Natural Language Processing on Heroku

Notes on the process of turning a locally experimented natural language processing algorithm into an API server on Heroku (No consideration of whether it is appropriate to do this on Heroku → API server placement considerations)

I'll refer to my notes Heroku+Flask when I did something similar before.
- Create a new working directory
  - I've thought about using existing repositories, but it's so complicated that it would take a long time to find the cause of a problem and be barren, so I'll try to keep it as simple as possible.
  - $ mkdir regroup-split-server
  - $ cd regroup-split-server
- Create a virtual environment and work on VSCode
  - $ python3 -m venv venv
  - $ code .
  - View -> Terminal
  - $ source venv/bin/activate
- Create a minimal server with Flask
  - $ mkdir server
  - $ code server/__init__.py

python

from flask import Flask

app = Flask(__name__)

def create_app():
    return app

@app.route('/')
def root():
    return "OK"

    - `$ pip install --upgrade pip`
    - `$ pip install flask`
    - Set environment variables in a file
        - `$ code .env`

.env

FLASK_APP=server
FLASK_ENV=development

        - `$ pip install python-dotenv`
    - `$ flask run`
        - Verify that it runs without problems and that you get an OK when you open [http://127.0.0.1:5000/](http://127.0.0.1:5000/)
    - `$ git init`
    - `$ code .gitignore`

.gitignore

venv/     
*.pyc
__pycache__/

        - `$ git commit -m 'minimal Flask server'`
            - Actually, I'm doing Cmd+Enter in the Source Control tab of VSCode.
- Add [gunicorn](/en/gunicorn) and deploy.
    - This also serves as [HTTPS for Flask](/en/HTTPS%20for%20Flask), which is included in the minimum configuration because I think it is not possible to have only HTTP as a modern API server.
    - `$ pip install gunicorn`
    - `$ pip freeze > requirements.txt`
    - `$ code Procfile`

Procfile

web: gunicorn server:"create_app()"

    - `$ heroku create regroup-split-server`
    - `$ git commit -m "add gunicorn"`
    - `$ git push --set-upstream heroku master`
        - Build logs appear. Make sure it's not an error.
    - `$ heroku open`
        - Open the deployed one in a browser, making sure OK is displayed.

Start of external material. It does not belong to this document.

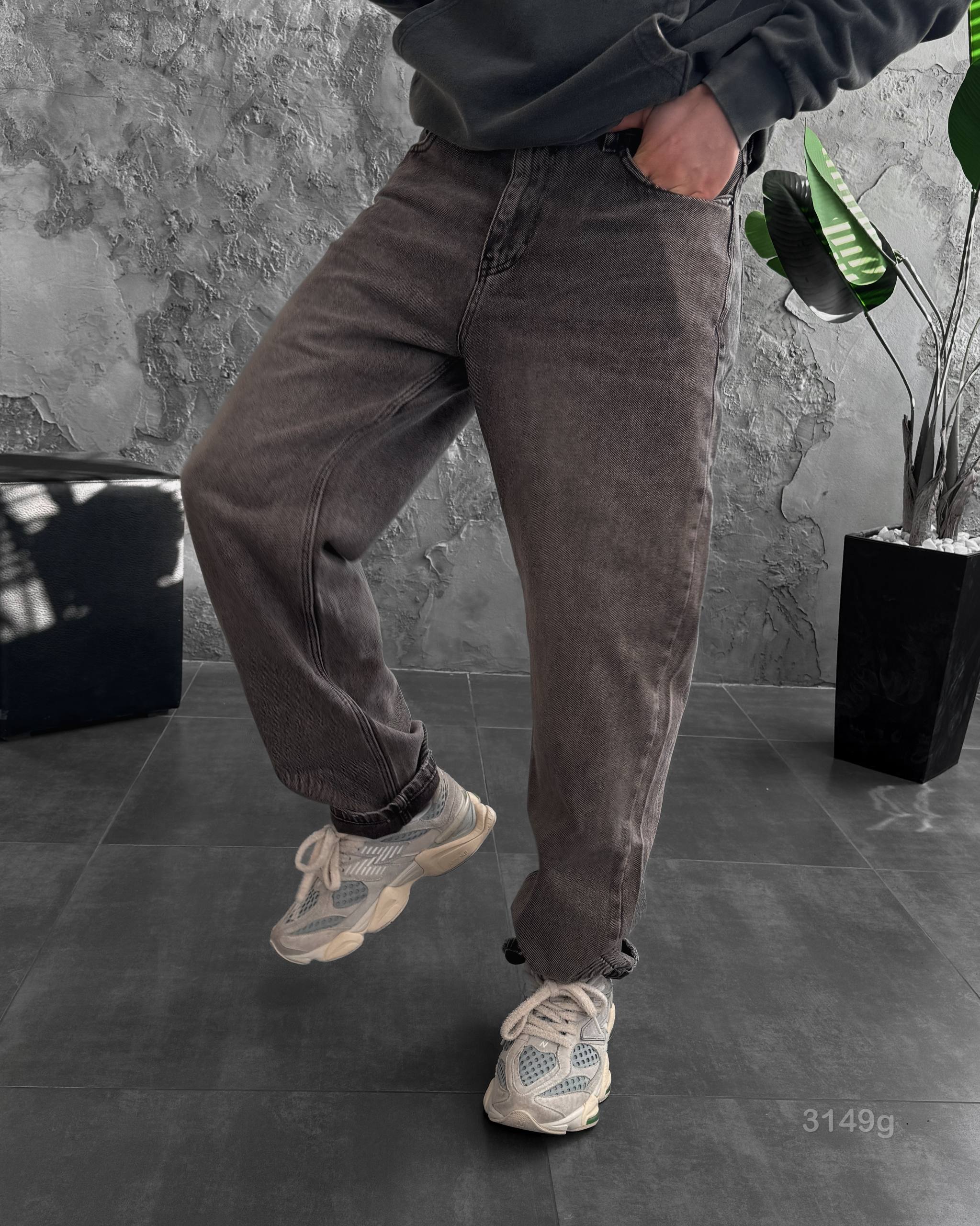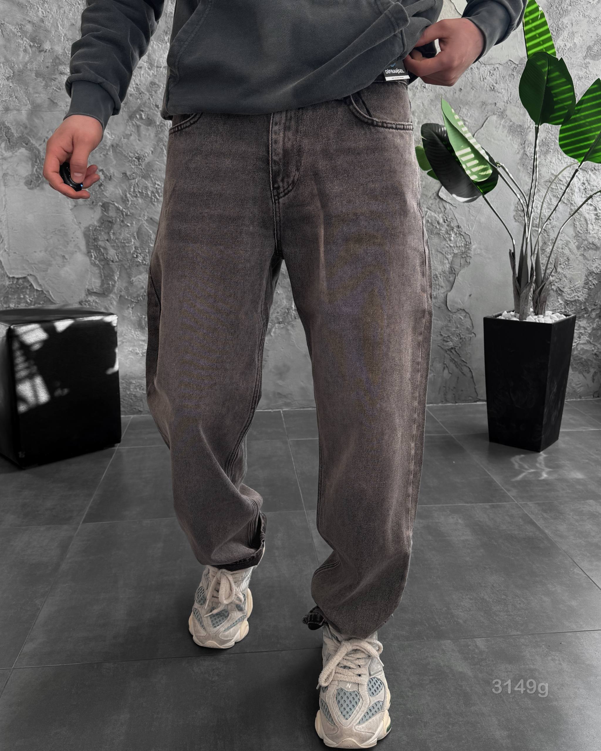 Мужские Серые Джинсы Багги – Свободные Широкие Джинсовые Штаны

I haven't figured out yet what to do with this deployment repository and what to do with the local R&D repository to keep it clean.
- I'm sure I'll want to separate them under certain circumstances, but until I have a clearer idea of how I want to separate them, I'm going to do it in unison.
  - I've had a hard link with separate repositories, but I don't think it's a good idea.
  - I guess I'd better use a git submodule or pip to connect them.
    - Resolving Application Dependencies with Git Submodules | Heroku Dev Center
      - PIP for myself
- Keep folders separate for easy separation in the future.
  - $ mkdir server/regroup_split
- Copy files that look necessary

deploy.sh

cp rich_tokenizer.py ../regroup-split-server/server/regroup_split/
cp regroup_split.py ../regroup-split-server/server/regroup_split/
cp TAIL_TOKENS_TO_REMOVE.txt ../regroup-split-server/server/regroup_split/
cp HEAD_TOKENS_TO_REMOVE.txt ../regroup-split-server/server/regroup_split/
cp test/simplelines1.txt ../regroup-split-server/server/regroup_split/test
cp test/regression_test.json ../regroup-split-server/server/regroup_split/test

- Run unit tests and check for errors.
    - `ModuleNotFoundError: No module named 'MeCab'`
        - $ pip install mecab
            - Don't do this see [mecab on heroku](/en/mecab%20on%20heroku).
        - `$ pip install mecab-python3==0.996.5`

- If the unit test passes, call the test from server/__init__.py
    - flask run to see if the test works on the local development server
    - It's easier to read error messages on the local development server than after deployment.
    - Common Corrections
        - Relative import `from .foo import bar`.
            - I usually run it as a script and experiment with it, but it is imported from the server and run as a module, so the import behavior changes.
            - Maybe it's better to [IPython with %run -m](/en/IPython%20with%20%25run%20-m) on a regular basis.
        - path of a data file
            - If you're writing in a way that depends on the current directory at runtime, you'll get into trouble here.
                - Use `DIR = os.path.dirname(__file__)`.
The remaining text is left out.